> [DATA SUPPLIED]
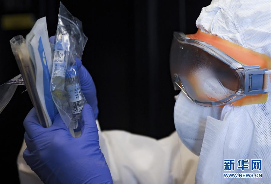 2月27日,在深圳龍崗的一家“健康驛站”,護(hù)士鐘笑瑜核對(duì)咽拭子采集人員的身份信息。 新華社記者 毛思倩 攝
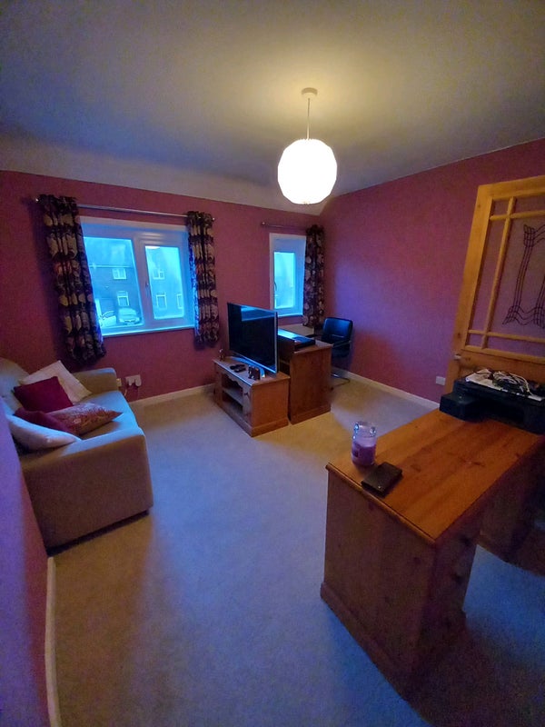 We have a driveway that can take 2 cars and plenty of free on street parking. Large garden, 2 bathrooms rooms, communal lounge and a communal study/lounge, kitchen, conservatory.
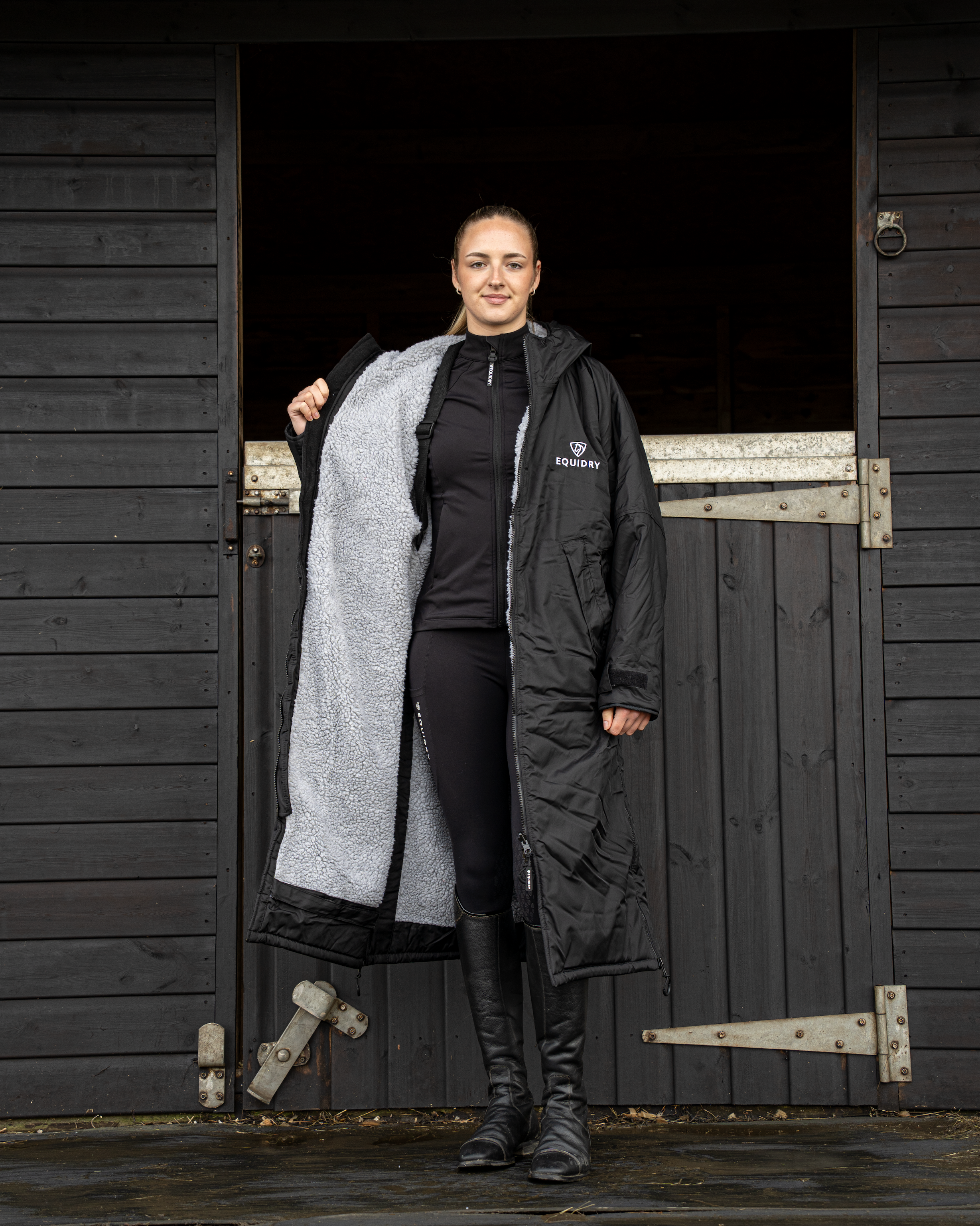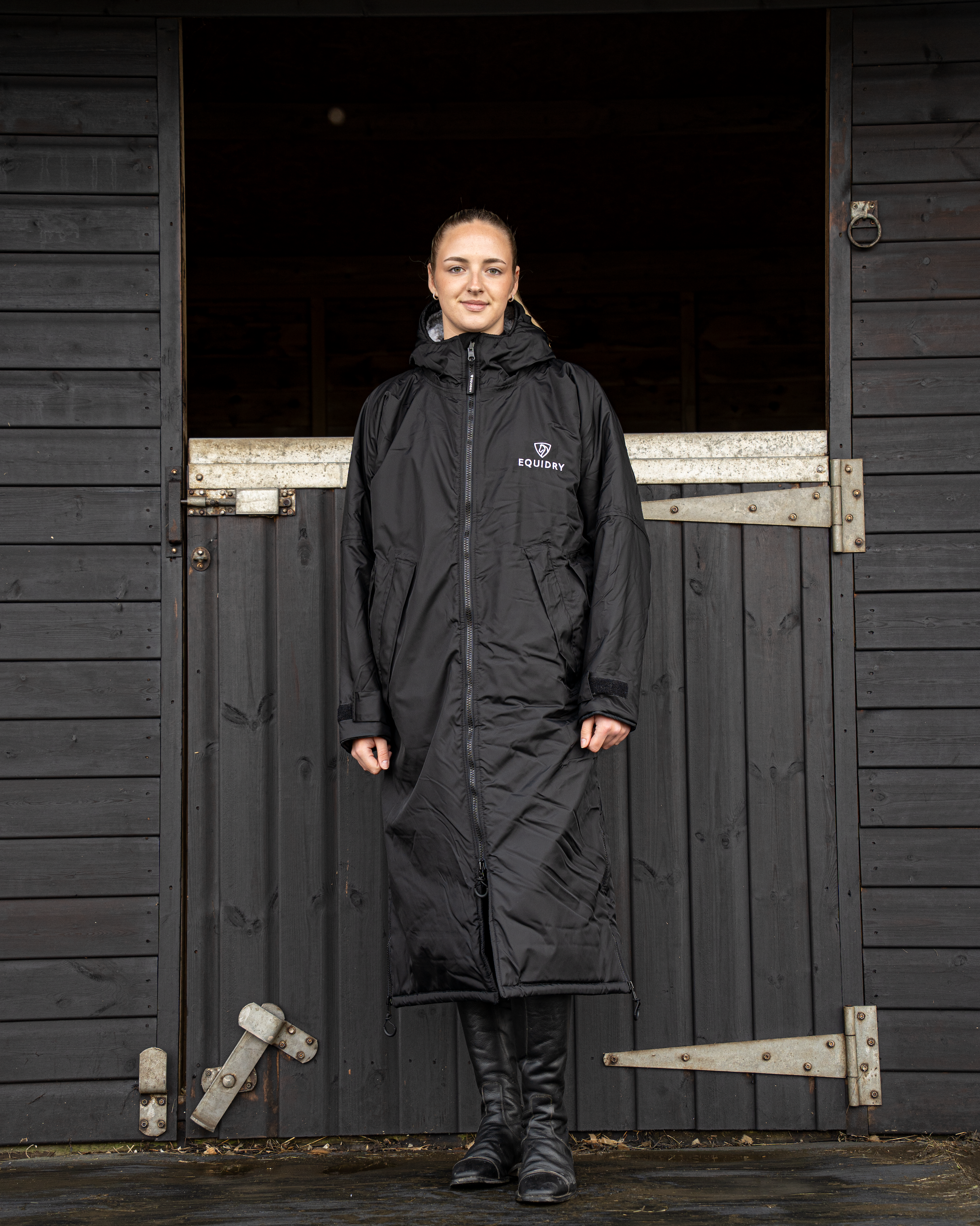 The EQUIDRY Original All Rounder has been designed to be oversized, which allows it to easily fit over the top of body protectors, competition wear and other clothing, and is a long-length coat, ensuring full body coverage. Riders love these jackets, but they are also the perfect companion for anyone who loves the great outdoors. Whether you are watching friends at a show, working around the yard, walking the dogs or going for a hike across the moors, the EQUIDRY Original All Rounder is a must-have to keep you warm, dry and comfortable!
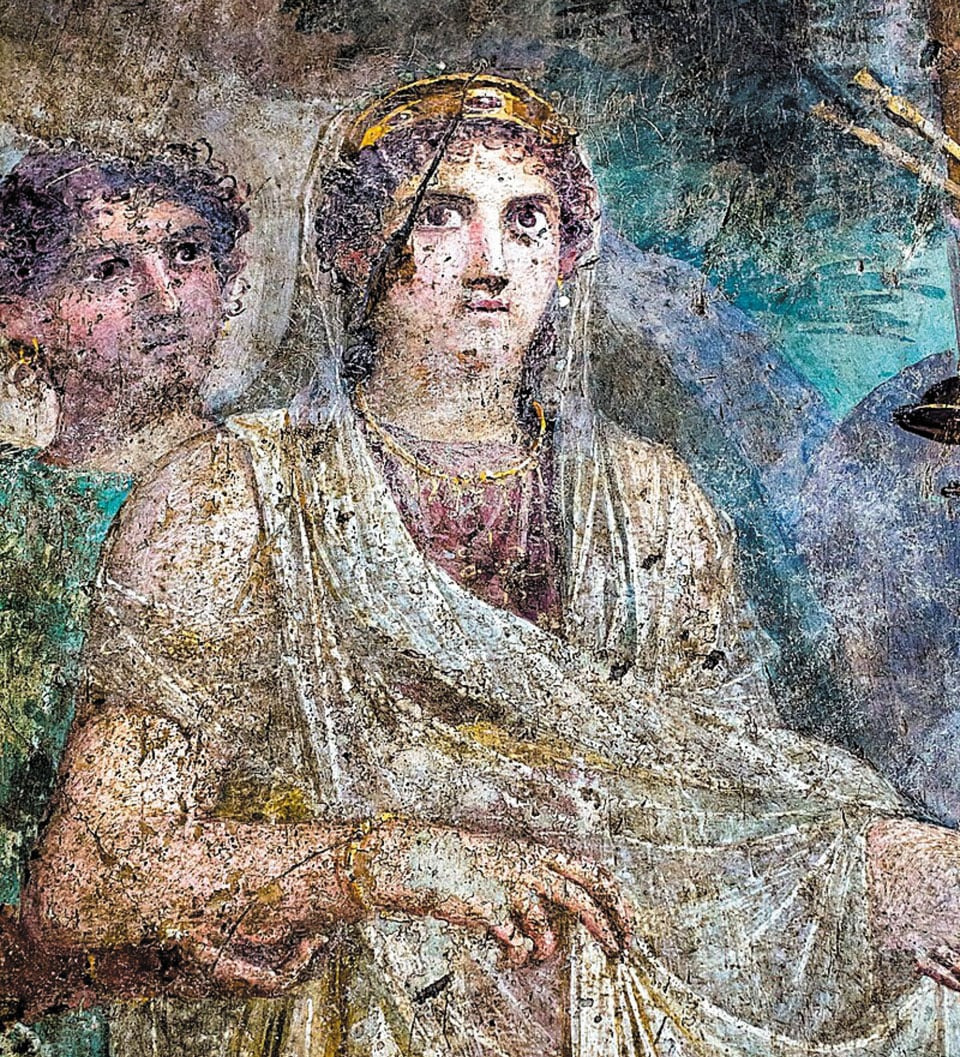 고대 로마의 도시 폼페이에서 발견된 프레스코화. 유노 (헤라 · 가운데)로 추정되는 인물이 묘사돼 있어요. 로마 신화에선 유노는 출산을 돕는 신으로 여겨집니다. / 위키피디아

...

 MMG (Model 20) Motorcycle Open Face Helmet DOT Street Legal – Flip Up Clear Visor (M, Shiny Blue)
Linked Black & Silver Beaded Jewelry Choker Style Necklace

* * *

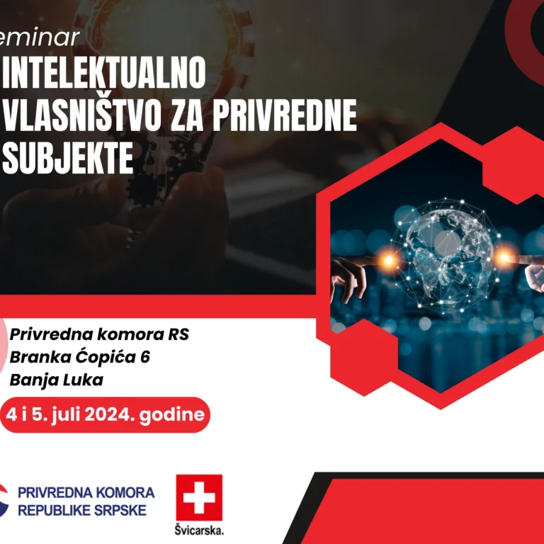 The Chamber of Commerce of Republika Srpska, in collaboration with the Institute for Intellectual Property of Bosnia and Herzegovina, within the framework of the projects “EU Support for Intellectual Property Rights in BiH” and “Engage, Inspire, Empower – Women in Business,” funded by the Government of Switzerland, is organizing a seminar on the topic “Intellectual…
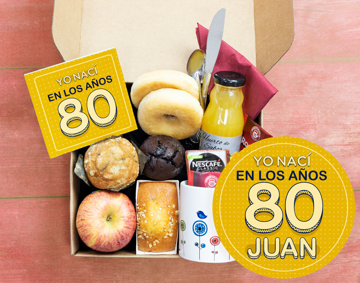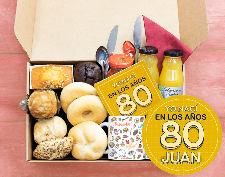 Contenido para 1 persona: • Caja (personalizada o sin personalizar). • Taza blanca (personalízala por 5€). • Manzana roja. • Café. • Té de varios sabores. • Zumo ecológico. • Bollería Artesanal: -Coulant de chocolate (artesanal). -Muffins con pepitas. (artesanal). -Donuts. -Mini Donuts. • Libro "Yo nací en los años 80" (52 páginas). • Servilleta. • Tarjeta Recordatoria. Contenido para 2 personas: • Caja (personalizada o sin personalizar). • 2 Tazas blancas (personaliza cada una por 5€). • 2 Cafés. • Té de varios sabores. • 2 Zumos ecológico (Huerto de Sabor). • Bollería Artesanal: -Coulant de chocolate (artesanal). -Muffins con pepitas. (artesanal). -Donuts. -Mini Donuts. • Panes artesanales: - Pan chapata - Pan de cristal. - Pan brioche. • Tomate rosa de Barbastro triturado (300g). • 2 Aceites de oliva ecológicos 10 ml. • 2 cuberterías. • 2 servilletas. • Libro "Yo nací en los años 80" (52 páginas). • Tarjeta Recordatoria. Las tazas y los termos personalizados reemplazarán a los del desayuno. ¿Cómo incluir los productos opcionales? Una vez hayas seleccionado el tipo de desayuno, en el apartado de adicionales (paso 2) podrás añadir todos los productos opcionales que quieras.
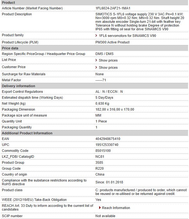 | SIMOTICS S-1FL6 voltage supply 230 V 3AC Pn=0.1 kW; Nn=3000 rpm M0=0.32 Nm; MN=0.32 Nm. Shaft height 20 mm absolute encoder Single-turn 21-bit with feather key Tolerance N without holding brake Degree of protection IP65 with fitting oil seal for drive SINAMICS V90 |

> [PROMPT]
Within the listing above, write out the stretch from the line with "The EQUIDRY Original All Rounder has" through the line with "고대 로마의 도시 폼페이에서" exactly. Any pictures are to be left out.

> [EXPECTED ANSWER]
 The EQUIDRY Original All Rounder has been designed to be oversized, which allows it to easily fit over the top of body protectors, competition wear and other clothing, and is a long-length coat, ensuring full body coverage. Riders love these jackets, but they are also the perfect companion for anyone who loves the great outdoors. Whether you are watching friends at a show, working around the yard, walking the dogs or going for a hike across the moors, the EQUIDRY Original All Rounder is a must-have to keep you warm, dry and comfortable!
 고대 로마의 도시 폼페이에서 발견된 프레스코화. 유노 (헤라 · 가운데)로 추정되는 인물이 묘사돼 있어요. 로마 신화에선 유노는 출산을 돕는 신으로 여겨집니다. / 위키피디아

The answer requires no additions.